--- Data listing ---
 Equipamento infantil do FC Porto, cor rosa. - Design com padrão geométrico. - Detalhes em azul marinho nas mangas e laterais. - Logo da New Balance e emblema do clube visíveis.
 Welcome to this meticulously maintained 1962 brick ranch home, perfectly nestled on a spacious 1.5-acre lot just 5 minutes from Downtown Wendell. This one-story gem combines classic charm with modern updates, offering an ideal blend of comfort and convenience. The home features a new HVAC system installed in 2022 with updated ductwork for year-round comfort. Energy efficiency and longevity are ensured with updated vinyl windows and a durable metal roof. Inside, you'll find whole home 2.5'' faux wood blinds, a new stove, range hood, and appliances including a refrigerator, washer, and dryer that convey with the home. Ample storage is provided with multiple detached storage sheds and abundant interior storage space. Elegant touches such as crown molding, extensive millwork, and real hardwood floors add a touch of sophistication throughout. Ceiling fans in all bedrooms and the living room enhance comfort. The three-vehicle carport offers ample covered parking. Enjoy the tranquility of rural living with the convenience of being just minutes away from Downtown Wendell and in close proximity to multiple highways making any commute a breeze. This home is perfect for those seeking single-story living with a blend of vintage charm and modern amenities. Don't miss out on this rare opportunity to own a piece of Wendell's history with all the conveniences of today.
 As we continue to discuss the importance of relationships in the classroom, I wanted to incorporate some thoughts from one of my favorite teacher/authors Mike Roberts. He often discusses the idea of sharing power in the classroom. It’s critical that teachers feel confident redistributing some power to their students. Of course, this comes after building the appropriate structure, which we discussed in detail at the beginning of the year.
---
--- Data listing ---
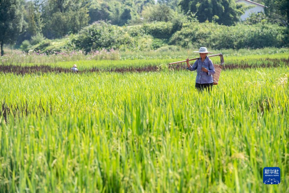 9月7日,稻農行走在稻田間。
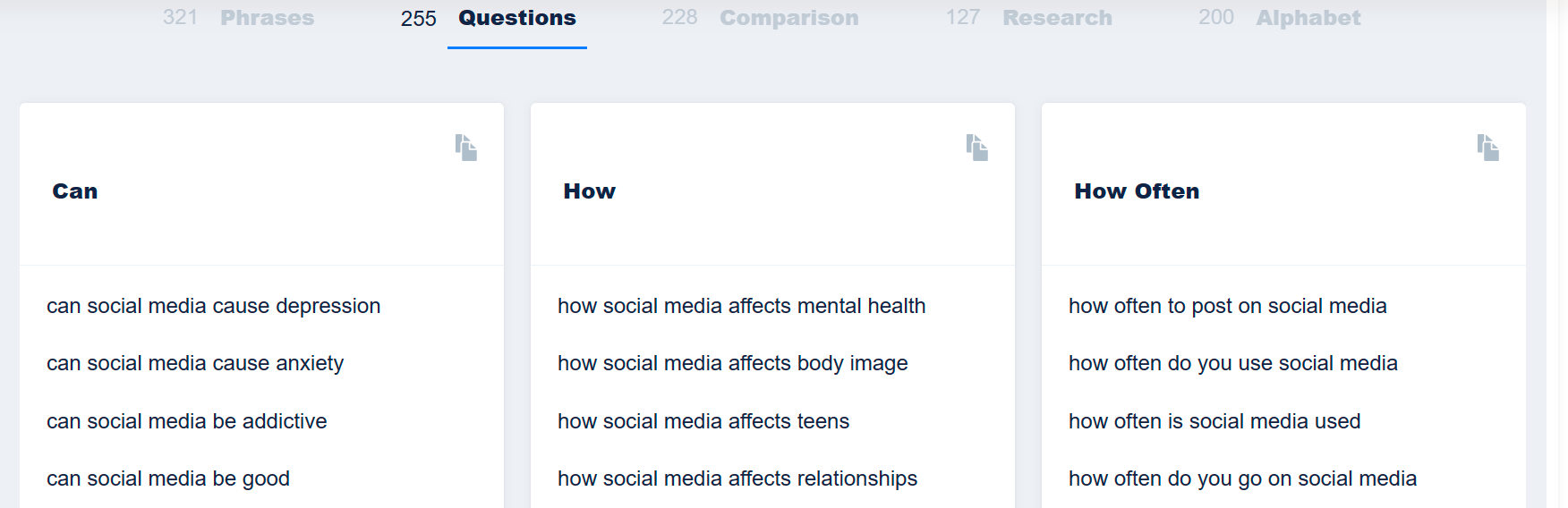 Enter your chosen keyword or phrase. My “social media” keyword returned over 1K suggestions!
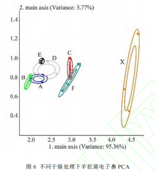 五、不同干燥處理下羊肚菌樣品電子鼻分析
---
To do ▸
From the records above, copy only the lines running from the line containing "Enter your chosen" to the line containing "五、不同干燥處理下羊肚菌樣品電子鼻分析", both ends included. Leave the pictures out.

Solution to this exercise ▸
 Enter your chosen keyword or phrase. My “social media” keyword returned over 1K suggestions!
 五、不同干燥處理下羊肚菌樣品電子鼻分析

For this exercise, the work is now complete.